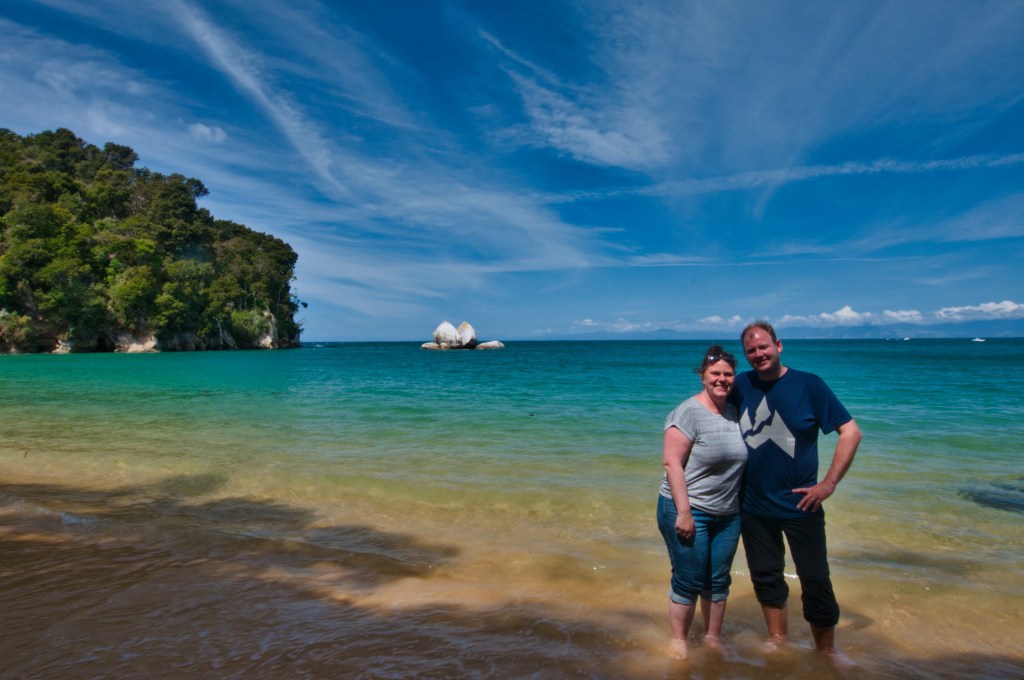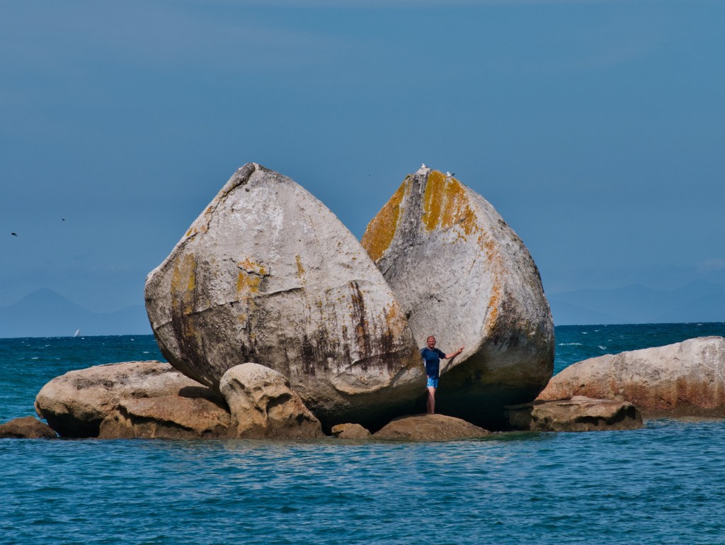 Nach unserer kleinen Kreuzfahrt wollten wir noch zum Split Apple Rock (Gespaltener Apfelstein), was wir auch taten. Ein kleiner Fußmarsch durch den Busch und schon standen wir an einem sehr leeren Strand. Ein paar andere hatten sich ebenfalls hierhin verirrt, hatte aber mit bedeutend mehr Menschen gerechnet. Einige waren ins kühle Nass gesprungen und ein paar hatten sich sogar auf den Weg zum Stein gemacht. Da grade noch Flut war, war der Strand recht schmal, so dass wir, um eine gute Position zu haben, ein bisschen durchs Wasser warten mussten. Doch kein Problem, Schuhe und Socken aus, Hose hochkrempeln und los ging es. War jetzt auch kein mega Marsch, sondern nur um einen umgekippten Baum herum. Hinter dem Baum hatten wir dann ein paar Steine gefunden, wo wir unsere Sachen ablegen und auch Fotos machen konnten. Da wir cleverer Weise unsere Badesachen mitgenommen hatten, hieß es nun, Sachen runter und ab in das türkisfarbene Wasser. Es war nicht wirklich warm, aber eisig war es auch nicht. Und da lagen wir nun im Wasser und haben bisschen rumgeschwimmelt. Das Wasser war aber salziger, als ich gedacht hatte und so schmeckte jeder Schluck entsprechend. Die Devise hieß also: Kein Wasser schlucken. Stefan bemühte sich dann, per 10 Sekunden Auslöser ein paar Fotos zu machen, was gar nicht so einfach war, denn Ebbe hatte bereits eingesetzt und der Weg ins Wasser wurde immer länger.
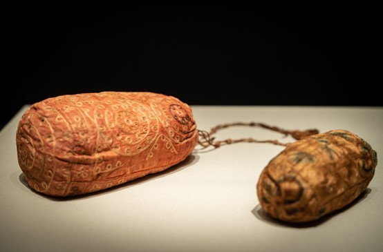 红地刺绣圆珠纹绫袋 (唐|甘肃省博物馆)
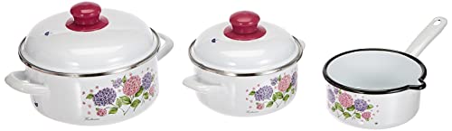 GSW 189989 Hortensia Lot de 7 casseroles en acier émaillé, plastique, blanc
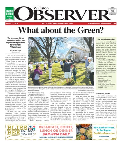 Another group whose interests are closely tied to the status of the library and village green is the Williston Historical Society. Aron Merrill, president of the group, served as an official member of the Schematic Design Advisory Committee.
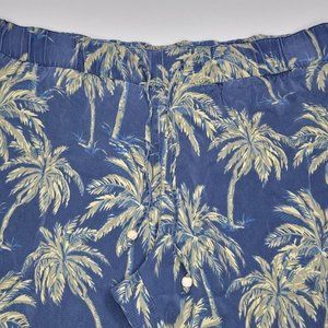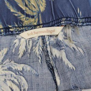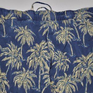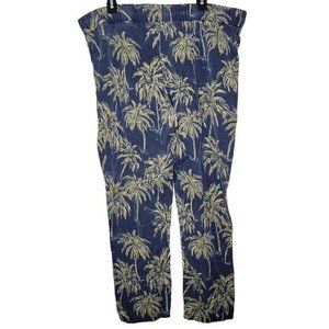Soft Surroundings Large L Blue Palm Patterned Skinny Leg Drawstring Pants
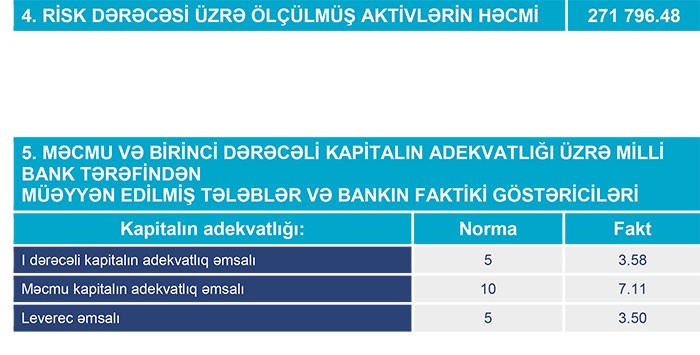Bank 2017-ci ilin sonunda 399 milyon 860 min manat cəmi aktivlərə, 363 milyon 272 min manat cəmi öhdəliklərə və 36 milyon 587 min manat cəmi balans kapitalına malik idi.
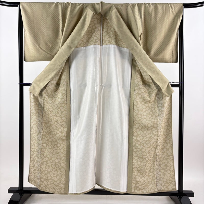 【お召】 白系 ベージュ 逸品 B 約150cm~約159cm 裄丈65cm (M)size 袖丈49cm 30000- 五万以下
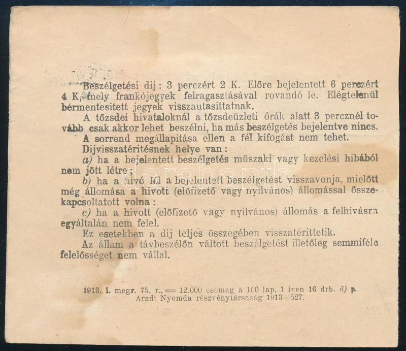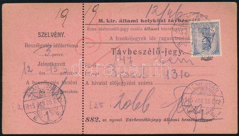 1915 Állami távbeszélőjegy 2K bérmentesítéssel "TEMESVÁR" / Telephone ticket (Image)(Image 1)
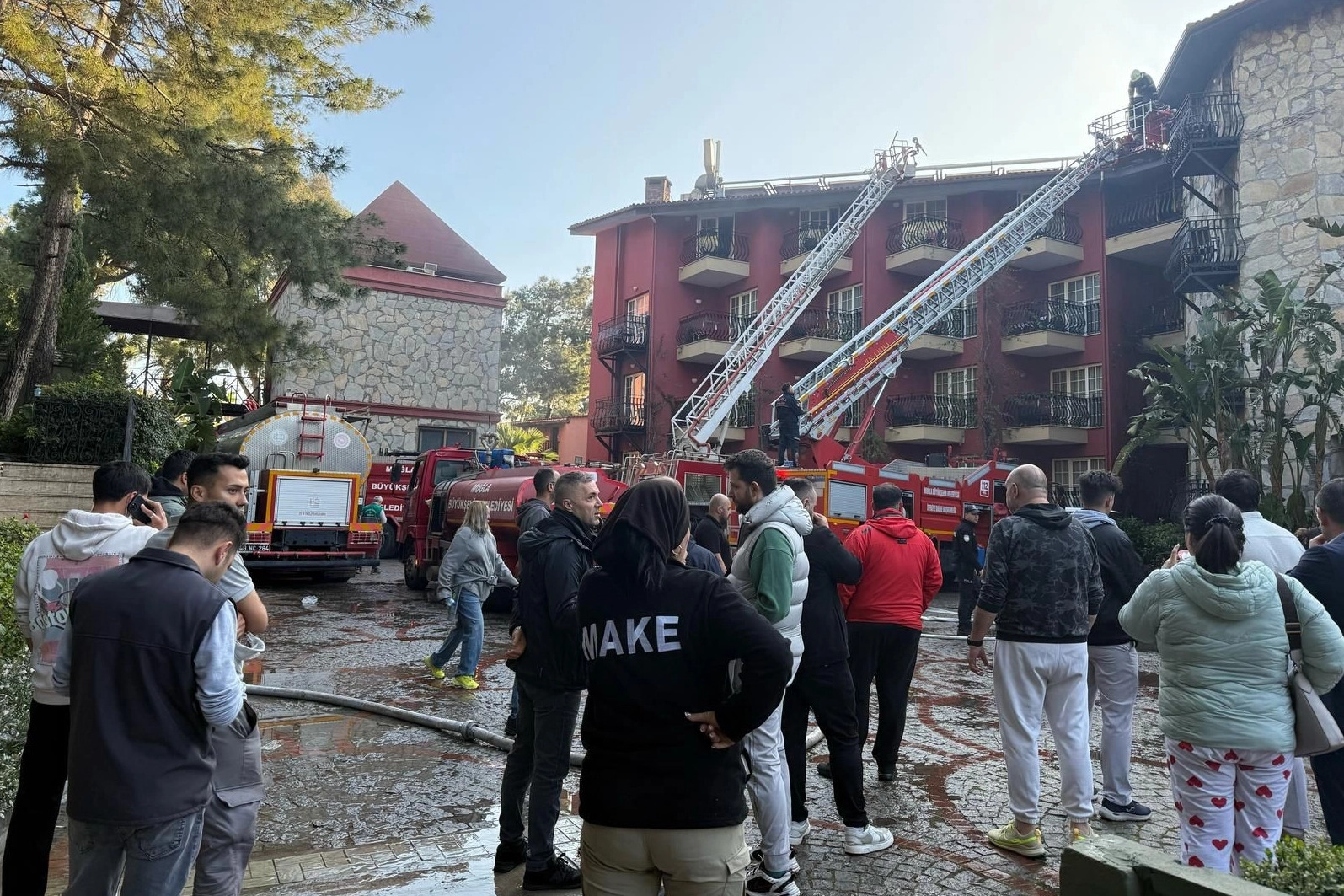 Yangın, Marmaris-İçmeler yolu üzerinde bulunan bir otelde sabah saatlerinde meydana geldi. Edinilen bilgiye göre, kazan dairesinden yükselen yoğun duman üzerine 112 Acil Çağrı Merkezi'ne ihbarda bulunuldu. İhbar üzerine bölgeye itfaiye, sağlık ve polis ekipleri sevk edildi. Kısa sürede olay yerine gelen Muğla Büyükşehir Belediyesi İtfaiye Daire Başkanlığı ekipleri yangına müdahale etti. Bu sırada otelde konaklayan 680 yerli ve yabancı turist güvenlik amacıyla tahliye edilirken, AFAD koordinesinde STK'lar MAKE ve SAR'da otelde misafirlerin tahliye işlemlerine katılarak itfaiye ekiplerine destek oldu. Ekiplerin hızlı müdahalesi sonucu yangın kontrol altına alındı. Yangından etkilenen 17'si yabancı uyruklu, 5'i çocuk toplamda 24 kişi kontrol amaçlı hastaneye kaldırıldı. Yangın sırasında otelde bulunan yangın kapıları ve sistemlerinin yenilenmiş olmasının can kaybı ve ağır yaralanmaların önüne geçtiği öğrenildi. Öte yandan otelden tahliye edilen misafirlerin, ilçedeki farklı otellere yerleştirileceği bildirildi. Yangının çıkış sebebine ilişkin inceleme ve soruşturma devam ediyor.

→ Required work
What you give back should be exactly the lines from the top of the data above down to and including the line with "1915 Állami távbeszélőjegy", minus any pictures.

→ Output of the exercise
 Nach unserer kleinen Kreuzfahrt wollten wir noch zum Split Apple Rock (Gespaltener Apfelstein), was wir auch taten. Ein kleiner Fußmarsch durch den Busch und schon standen wir an einem sehr leeren Strand. Ein paar andere hatten sich ebenfalls hierhin verirrt, hatte aber mit bedeutend mehr Menschen gerechnet. Einige waren ins kühle Nass gesprungen und ein paar hatten sich sogar auf den Weg zum Stein gemacht. Da grade noch Flut war, war der Strand recht schmal, so dass wir, um eine gute Position zu haben, ein bisschen durchs Wasser warten mussten. Doch kein Problem, Schuhe und Socken aus, Hose hochkrempeln und los ging es. War jetzt auch kein mega Marsch, sondern nur um einen umgekippten Baum herum. Hinter dem Baum hatten wir dann ein paar Steine gefunden, wo wir unsere Sachen ablegen und auch Fotos machen konnten. Da wir cleverer Weise unsere Badesachen mitgenommen hatten, hieß es nun, Sachen runter und ab in das türkisfarbene Wasser. Es war nicht wirklich warm, aber eisig war es auch nicht. Und da lagen wir nun im Wasser und haben bisschen rumgeschwimmelt. Das Wasser war aber salziger, als ich gedacht hatte und so schmeckte jeder Schluck entsprechend. Die Devise hieß also: Kein Wasser schlucken. Stefan bemühte sich dann, per 10 Sekunden Auslöser ein paar Fotos zu machen, was gar nicht so einfach war, denn Ebbe hatte bereits eingesetzt und der Weg ins Wasser wurde immer länger.
 红地刺绣圆珠纹绫袋 (唐|甘肃省博物馆)
 GSW 189989 Hortensia Lot de 7 casseroles en acier émaillé, plastique, blanc
 Another group whose interests are closely tied to the status of the library and village green is the Williston Historical Society. Aron Merrill, president of the group, served as an official member of the Schematic Design Advisory Committee.
Soft Surroundings Large L Blue Palm Patterned Skinny Leg Drawstring Pants
Bank 2017-ci ilin sonunda 399 milyon 860 min manat cəmi aktivlərə, 363 milyon 272 min manat cəmi öhdəliklərə və 36 milyon 587 min manat cəmi balans kapitalına malik idi.
 【お召】 白系 ベージュ 逸品 B 約150cm~約159cm 裄丈65cm (M)size 袖丈49cm 30000- 五万以下
 1915 Állami távbeszélőjegy 2K bérmentesítéssel "TEMESVÁR" / Telephone ticket (Image)(Image 1)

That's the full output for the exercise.